### YOUR OBJECTIVE
Print the lines in the listing below starting at the line with "Read moreA very" and ending at the line with "Dopoldne bodo padavine", both included. Reproduce them exactly and omit every picture.

### INFORMATION SUPPLIED
"""
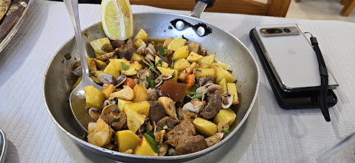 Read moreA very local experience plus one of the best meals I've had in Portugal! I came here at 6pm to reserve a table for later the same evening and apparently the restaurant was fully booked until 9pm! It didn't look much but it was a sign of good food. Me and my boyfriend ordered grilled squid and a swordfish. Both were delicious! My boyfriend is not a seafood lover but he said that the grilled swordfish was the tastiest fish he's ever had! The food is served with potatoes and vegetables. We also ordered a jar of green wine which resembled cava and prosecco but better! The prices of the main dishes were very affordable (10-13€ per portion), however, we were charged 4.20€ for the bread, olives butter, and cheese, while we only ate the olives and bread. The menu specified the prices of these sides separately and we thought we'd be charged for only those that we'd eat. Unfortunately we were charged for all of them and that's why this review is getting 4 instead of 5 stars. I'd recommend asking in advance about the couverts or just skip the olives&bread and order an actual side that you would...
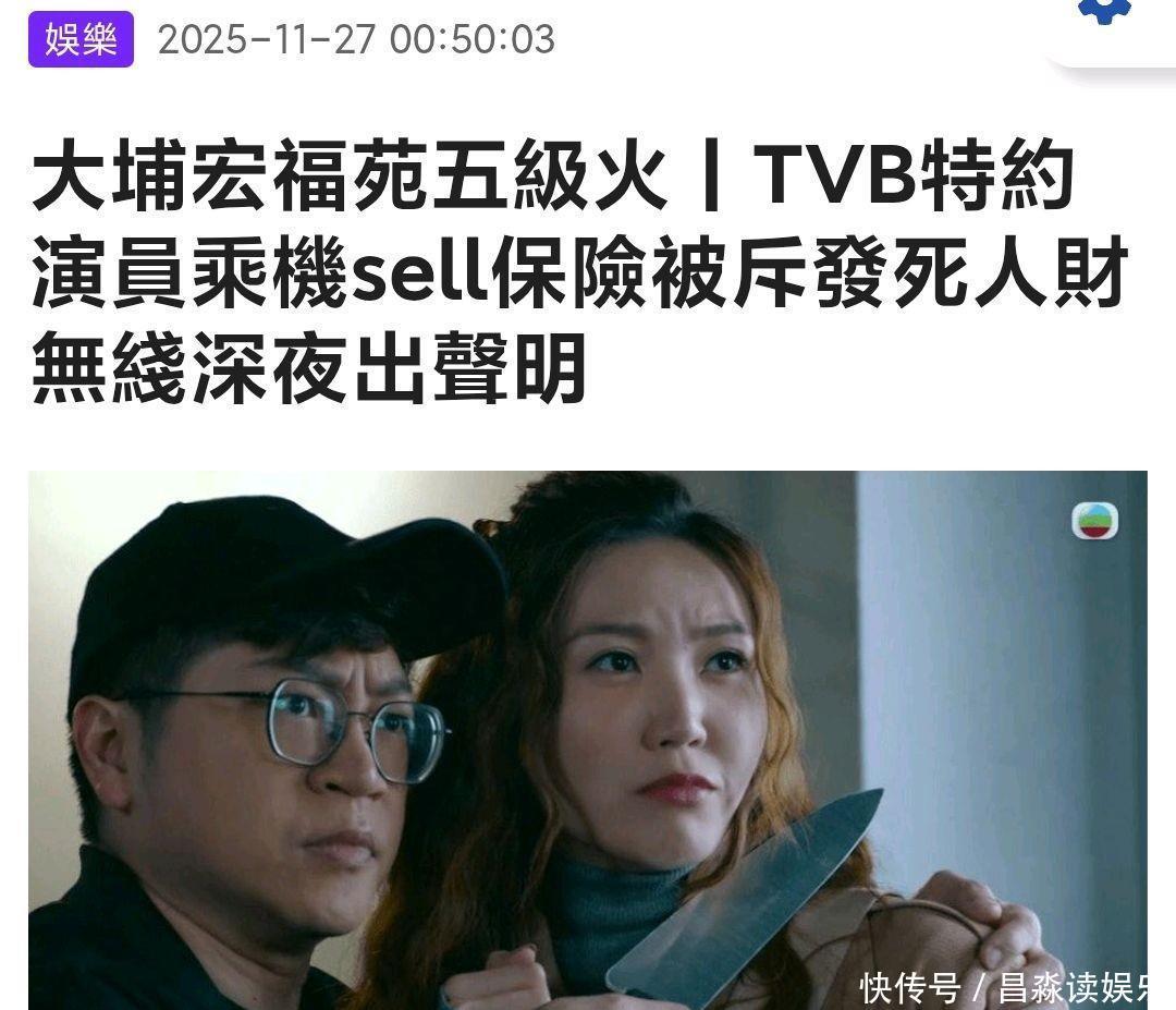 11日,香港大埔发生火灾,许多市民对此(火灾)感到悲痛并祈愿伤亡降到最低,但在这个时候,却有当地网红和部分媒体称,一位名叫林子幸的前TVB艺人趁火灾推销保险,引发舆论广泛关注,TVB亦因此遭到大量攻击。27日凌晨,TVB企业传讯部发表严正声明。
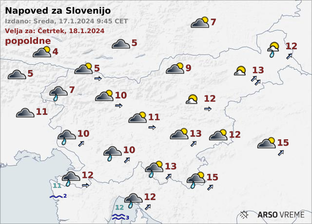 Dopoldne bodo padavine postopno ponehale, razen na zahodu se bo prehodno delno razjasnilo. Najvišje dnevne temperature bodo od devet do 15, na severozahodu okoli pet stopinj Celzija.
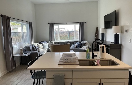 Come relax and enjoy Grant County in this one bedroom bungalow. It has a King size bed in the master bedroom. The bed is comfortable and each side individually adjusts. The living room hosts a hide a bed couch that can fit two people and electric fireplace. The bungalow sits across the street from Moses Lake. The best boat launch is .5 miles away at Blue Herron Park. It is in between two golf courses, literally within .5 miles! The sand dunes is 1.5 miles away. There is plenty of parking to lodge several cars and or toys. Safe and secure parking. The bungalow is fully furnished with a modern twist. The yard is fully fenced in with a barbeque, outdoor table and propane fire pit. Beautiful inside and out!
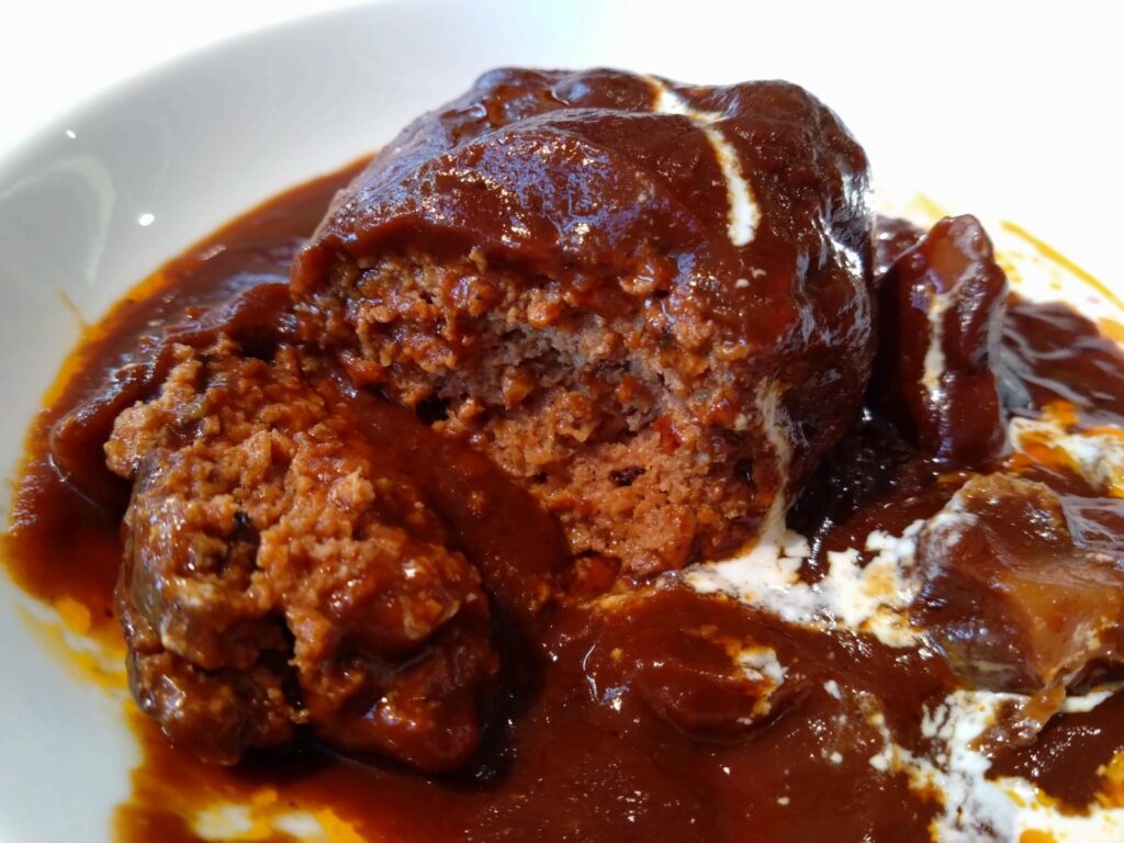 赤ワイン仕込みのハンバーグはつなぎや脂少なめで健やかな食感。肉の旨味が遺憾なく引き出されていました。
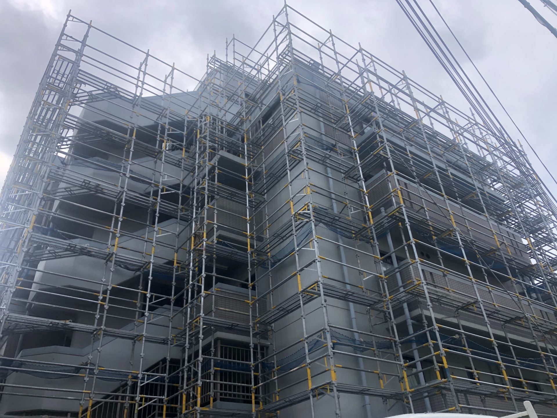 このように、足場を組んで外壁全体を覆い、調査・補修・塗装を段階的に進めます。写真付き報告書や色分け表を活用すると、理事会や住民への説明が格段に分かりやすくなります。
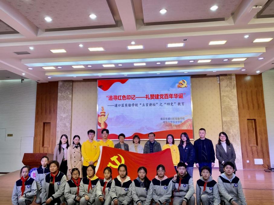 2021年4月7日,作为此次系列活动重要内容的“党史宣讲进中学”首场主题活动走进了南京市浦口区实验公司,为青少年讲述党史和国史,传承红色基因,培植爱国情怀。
"""
"""
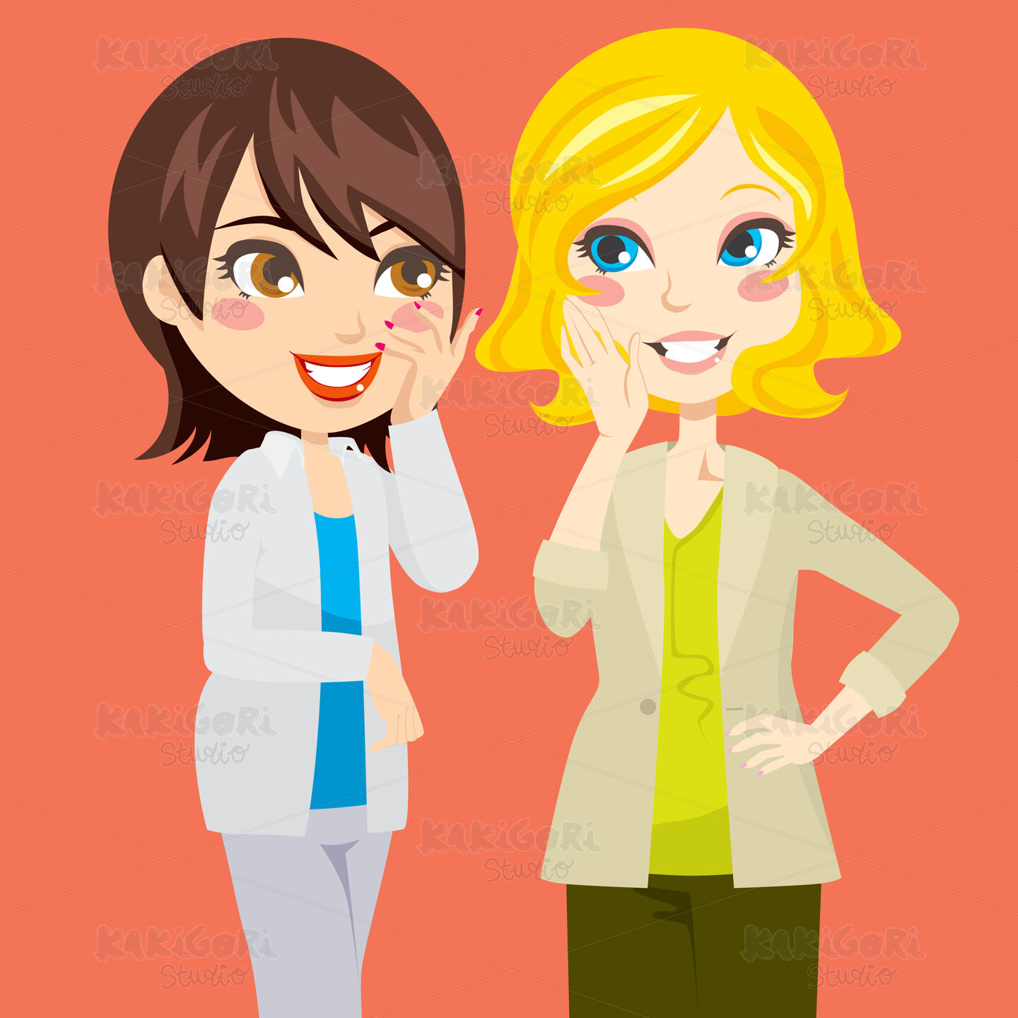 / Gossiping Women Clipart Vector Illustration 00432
"""
### YOUR SOLUTION
 Read moreA very local experience plus one of the best meals I've had in Portugal! I came here at 6pm to reserve a table for later the same evening and apparently the restaurant was fully booked until 9pm! It didn't look much but it was a sign of good food. Me and my boyfriend ordered grilled squid and a swordfish. Both were delicious! My boyfriend is not a seafood lover but he said that the grilled swordfish was the tastiest fish he's ever had! The food is served with potatoes and vegetables. We also ordered a jar of green wine which resembled cava and prosecco but better! The prices of the main dishes were very affordable (10-13€ per portion), however, we were charged 4.20€ for the bread, olives butter, and cheese, while we only ate the olives and bread. The menu specified the prices of these sides separately and we thought we'd be charged for only those that we'd eat. Unfortunately we were charged for all of them and that's why this review is getting 4 instead of 5 stars. I'd recommend asking in advance about the couverts or just skip the olives&bread and order an actual side that you would...
 11日,香港大埔发生火灾,许多市民对此(火灾)感到悲痛并祈愿伤亡降到最低,但在这个时候,却有当地网红和部分媒体称,一位名叫林子幸的前TVB艺人趁火灾推销保险,引发舆论广泛关注,TVB亦因此遭到大量攻击。27日凌晨,TVB企业传讯部发表严正声明。
 Dopoldne bodo padavine postopno ponehale, razen na zahodu se bo prehodno delno razjasnilo. Najvišje dnevne temperature bodo od devet do 15, na severozahodu okoli pet stopinj Celzija.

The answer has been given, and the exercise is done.